## Problem to work on
For this exercise, retype the lines from the one that holds "Café extraído en" through the one that holds "Женское боди Primark" in the records below, both included, exactly and without pictures.

## Data supplied
◆ ◆ ◆ ◆ ◆
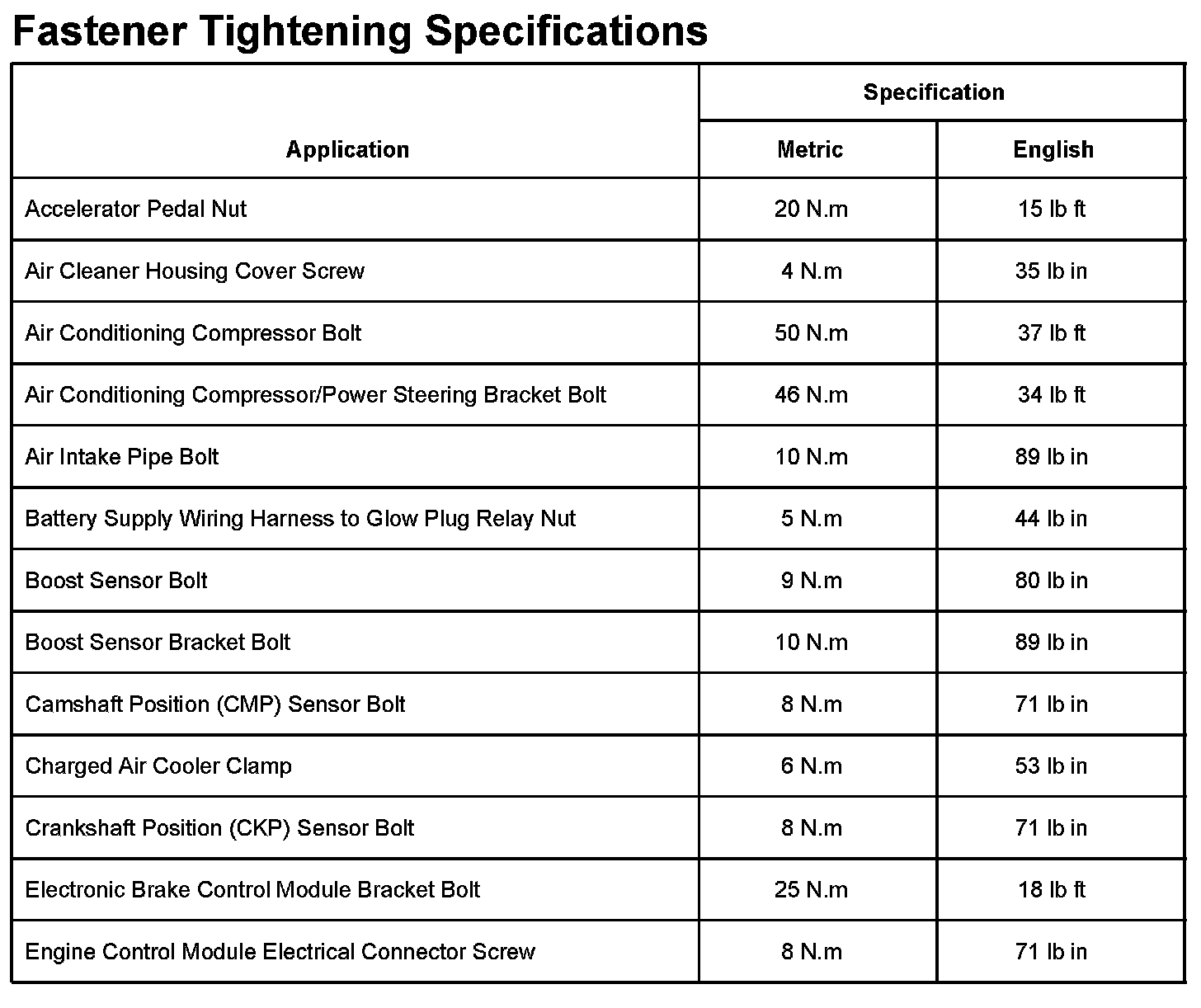 Fastener Tightening Specifications Part 1:
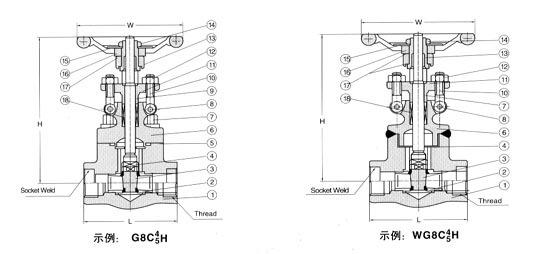 絲口鍛鋼閘閥、焊接式鍛鋼閘閥: 絲口鍛鋼閘閥、焊接式鍛鋼閘閥有三種閥蓋設計形式。第一種是螺栓式閥蓋,按這種設計形式設計的閥門,其閥體與閥蓋用螺栓螺母連接,纏繞式墊片(316夾柔性石墨制造)密封。客戶有特殊要求時也可采用金屬環連接。第二種設計形式是焊接式閥蓋,按這種設計形式的閥門,其閥體與閥蓋用螺紋連接,全焊密封??蛻粲刑厥庖髸r也可采用全焊透連接。第三種是壓力自緊式閥蓋,按這種設計形式設計的閥門,其閥體與閥蓋螺紋連接,內壓自密封環密封。
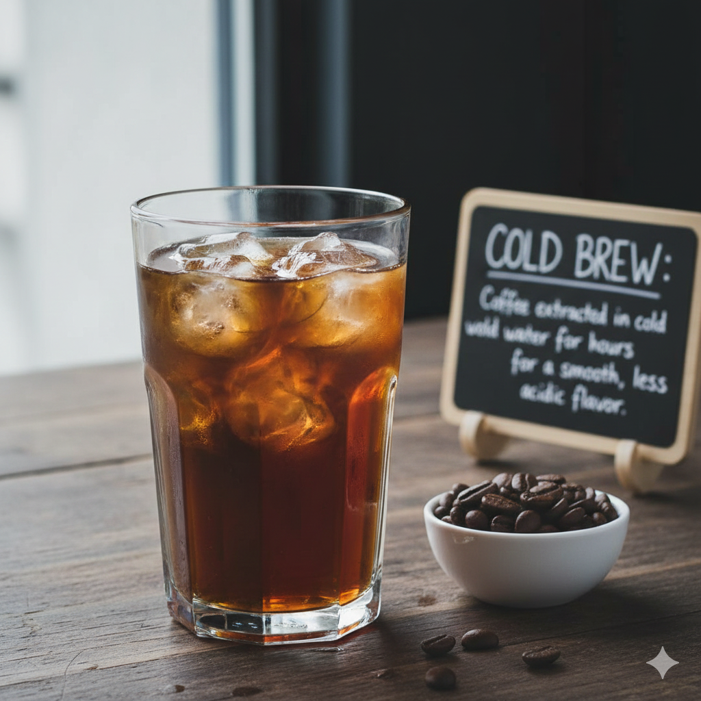 Café extraído en frío durante horas para un sabor suave y menos ácido.
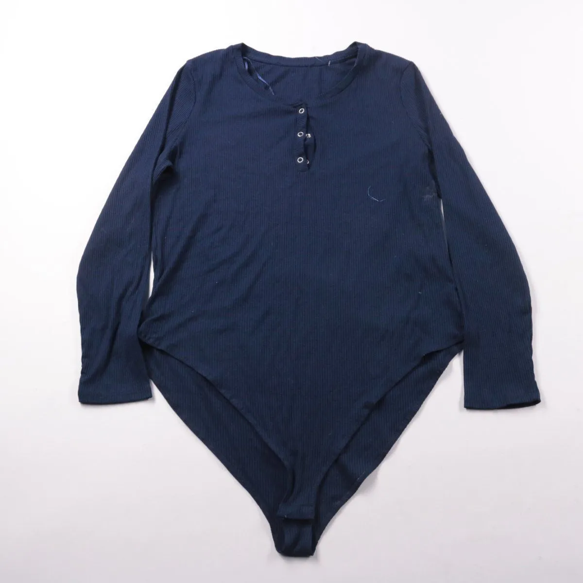 Женское боди Primark тёмно-синего цвета из фактурного трикотажа в рубчик, с длинным рукавом и планкой на пуговицах. Подойдёт для повседневных образов как базовый верх под джинсы или юбку. Хорошо фиксируется и не задирается благодаря форме боди.
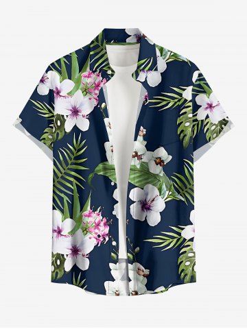 Chemise à Manches Courts> Chemise à poches boutons grande taille pour homme, imprimée de fleurs d'hibiscus et de feuilles tropicales, style hawaïen.
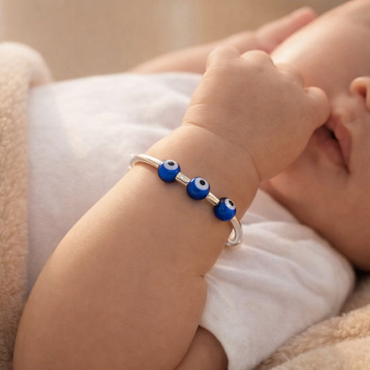 This kids silver nazariya bangle is lightweight, skin-friendly, and durable, ideal for delicate baby skin. A meaningful and stylish choice, it makes a perfect gift for newborn baby, baby shower, naming ceremony, birthdays, and festive occasions for both baby boys and girls.
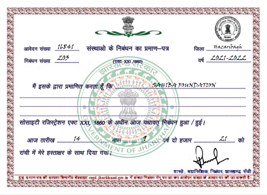 Sahiba Foundation is established by Sri Praveen Pranav in 2018 and registered as an NGO in 2021 under Societies Registration Act XXI,1860 with a vision to creating a
◆ ◆ ◆ ◆ ◆
## Answer to this problem
 Café extraído en frío durante horas para un sabor suave y menos ácido.
 Женское боди Primark тёмно-синего цвета из фактурного трикотажа в рубчик, с длинным рукавом и планкой на пуговицах. Подойдёт для повседневных образов как базовый верх под джинсы или юбку. Хорошо фиксируется и не задирается благодаря форме боди.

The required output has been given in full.